Embedded Machine Learning

In recent years, we have been experiencing a rapid growth in Artificial Intelligence (AI) and Machine Learning (ML), especially in deep learning and Deep Neural Networks (DNNs) that achieved superhuman levels of accuracy in many tasks such as natural language processing, object detection, speech recognition and more. One topic of our group is embedded machine learning. In general we follow two directions. We apply machine learning (ML) for optimization of embedded systems and we research ML algorithms and hardware to optimize inference and training on embedded systems.

Machine learning for optimization of embedded systems

Sophisticated resource management becomes a pressing need in modern embedded systems, where many connected devices collaborate towards achieving a specific goal and each of these devises may execute several applications. The goal of resource management is to allocate resources to applications while optimizing for system properties, e.g., performance, and satisfying its constraints, e.g., temperature. To achieve full potential for optimization, resource management needs to exploit relevant knowledge about the system with its two parts; hardware and software, within its decision making process.

The CES has developed techniques that employ analytical models and/or design-time profiling to obtain knowledge about the system [1-3]. However, building analytical models is not always feasible due to the high complexity of software and hardware. Machine learning (ML) can tackle these challenges, as we have shown in [4]. At CES, we investigate how machine learning can be used for various aspects of optimization of resource management.
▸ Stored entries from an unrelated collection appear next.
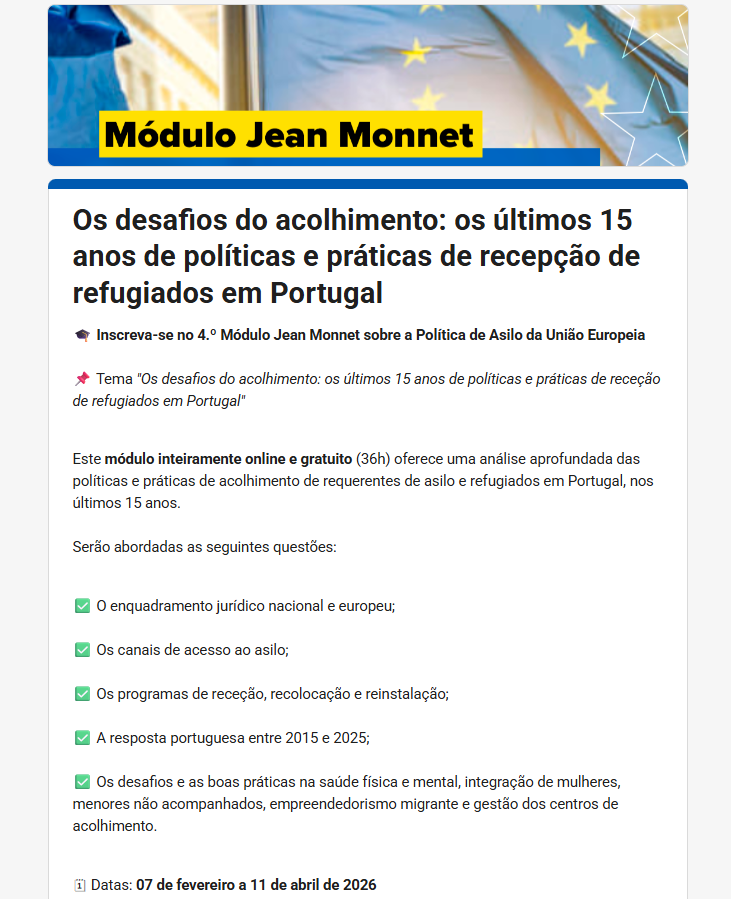 Inscreva-se para o Módulo 4 do Módulo Jean Monnet sobre a Política de Asilo da UE: Avaliação das Práticas de Receção de Refugiados (EUAsPO) [100% online e gratuito]. 🔍 Tema: “Os desafios do acolhimento: os últimos 15 anos de políticas e práticas de recepção de refugiados em Portugal” Este módulo online e gratuito de 36 horas…
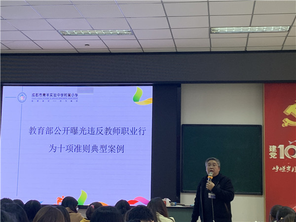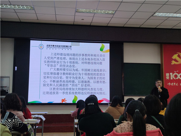 为进一步贯彻落实党的教育方针,不忘立德树人初心,规范教师从教行为,近日,成都市青羊实验中学附属小学开展了师德师风教育。
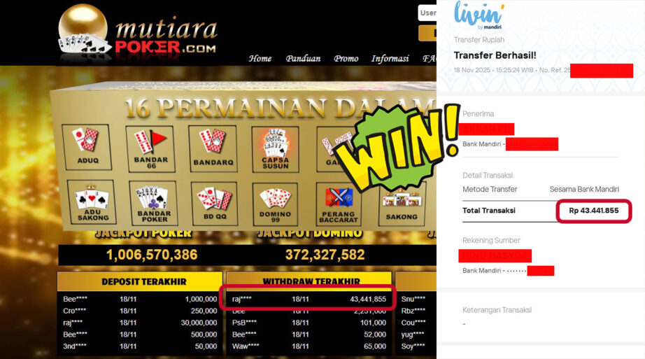 Bukti Withdraw ( 43,441,855,- ) Member Setia MutiaraPoker
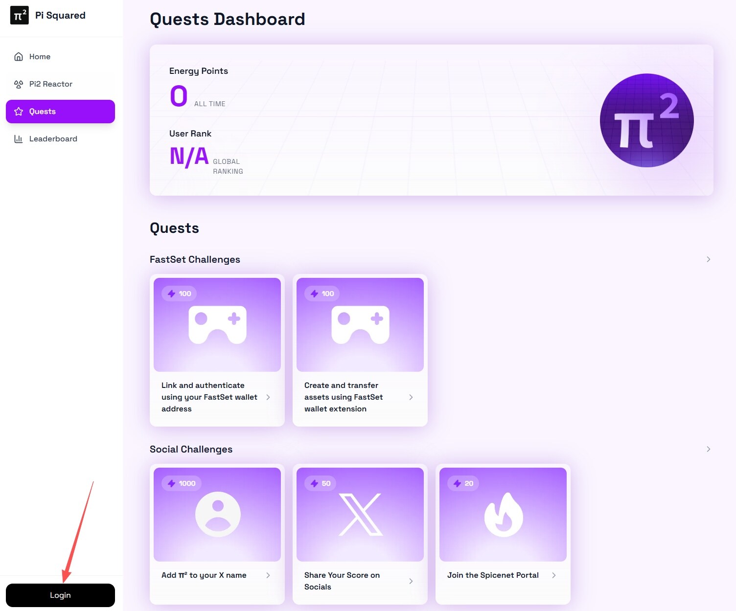 STEP 2. Click on user login in the lower left corner of the Pi Squared page, log in with your Google email, and bind your X account, Discord, and wallet.
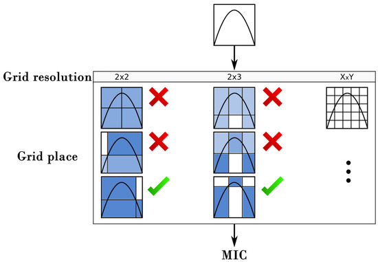 The MIC [,] is a measure of correlation among two variables. Its general idea is to establish whether two variables (features) are related linearly or not linearly. For this, a grid is generated and drawn over their dispersion graph to compute the degree of relationship between them by square grid. Since the number of possible grids can be large, it is necessary to find the best number of grid partitions (grid resolution) and their best location (partition placements). Thus, to compute MIC efficiently, all the grids are explored using the following constraint , where n is the total amount of points representing the data of the tuple. This restriction has been shown to work well in practice for several problems []. Similarly, for each resolution explored, the partition positions that produce the higher mutual information must be found (Figure 2). Then, the indicator of mutual information is computed by using the following equation (Equation (4)).

Supervised learning has been used in [5] to build a model that predicts the application sensitivities to voltage and frequency changes in terms of performance and power. This model empowers building a smart boosting technique that is able to maximize the performance under a temperature constraint. In [6], supervised learning has been also used to build a model that predicts the slowdown in the application execution induced by cache contention between applications running on the same cluster. This models enables a resource management technique, which selects application-to-cluster mapping that satisfies the performance constraints of applications. Imitation learning has been employed in [7] to migrate applications to different cores at run time such that the temperature of the chip is minimized while satisfying QoS targets of applications. This work shows that imitation learning enables to use the optimality of an oracle policy, yet at low runtime overhead.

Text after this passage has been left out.